Friday, March 02, 2012

Markets in Everything: Oil Field Laundromats

Bismarck Tribune -- "Oil field clothes can tear up a washing machine. Several Bismarck laundry businesses have had to close their doors to workers but others are building their businesses around the boom.

A sign on the door of King Koin Laundrette Car and Dog Wash at 2125 E. Thayer Ave. reads “Because of odor & residue problems, we no longer allow oil field clothes in this establishment.” Owner Mike Walsh hung it there about two years ago when damage to his washing machines and dryers became too much. A similar sign hangs at Interstate Laundry and Carwash at 1438 Interstate Loop.

Soap and Suds Laundry Mat at 122 W. Bowen Ave. has opened its doors to the rig workers though. Owner Louis Baltrusch thinks he is the only self-service laundromat to allow oil field clothes in Bismarck. “Why shouldn't I work with them?” Baltrusch said.

It just takes a lot of soap to make it work. “Before guys would come in and use the top loaders and leave a mess behind,” he said. Baltrusch now has three washing machines at the front of the laundromat that he asks rig workers to use.

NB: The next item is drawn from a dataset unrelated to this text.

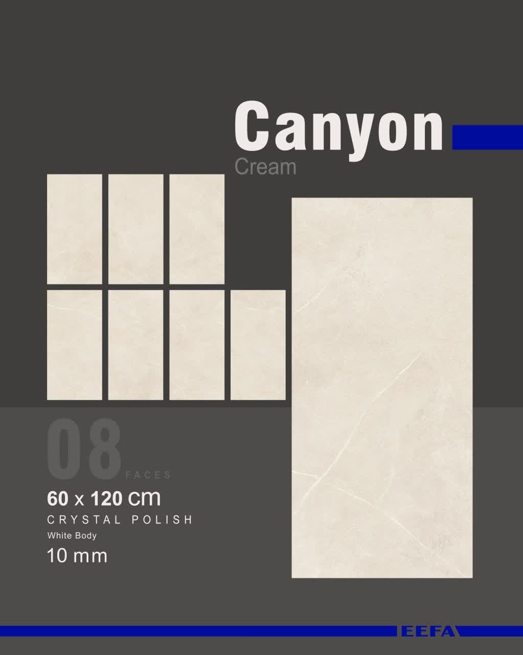 سرامیک پرسلان کنیون کاشی ایفاسرام تولید شده در سایز ۱۲۰×۶۰ با لعاب کریستال پولیش و ضخامت ۱۲ میلیمتر، یکی از چشمگیر ترین محصولات این کارخانه استاندارد و به روز می باشد.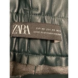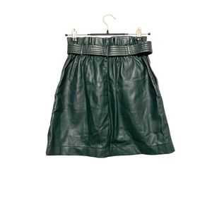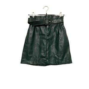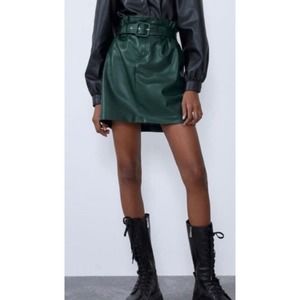Zara Faux Leather Mini Skirt A-line Paperbag Size XS Dark Green Pleather Belted

He sees at least 30 to 40 workers each week."


At 3/02/2012 6:55 PM, Blogger Larry G said...

WOW! what a PR opportunity for TIDE!

At 3/03/2012 10:33 AM, Anonymous Anonymous said...

You can fight a boom or ride along with it. The guys willing to work with the oilmen are smart businessman...

At 3/04/2012 3:21 PM, Blogger Michael E. Marotta said...

I wish I were younger ... Bigger machines, a whole lot of them... Tide? Heck, sell TSP (trisodium phosphate). Have your own workers there to take the laundry for an extra fee and add a pre-soak to get them cleaner. Get all the used clothes you can and open up next door to yourself. (As it is, my newest tweed jacket was $7 last year at the Ann Arbor Teachers Union Recycle Shop.) What about their boots? Recondition, clean, and polish... Seems like a lot of opportunity all in all...

I am dismayed, though, at the overwhelmingly negative responses of the laundromats whose first reaction was to turn customers away. You expect that from clerks, not business owners.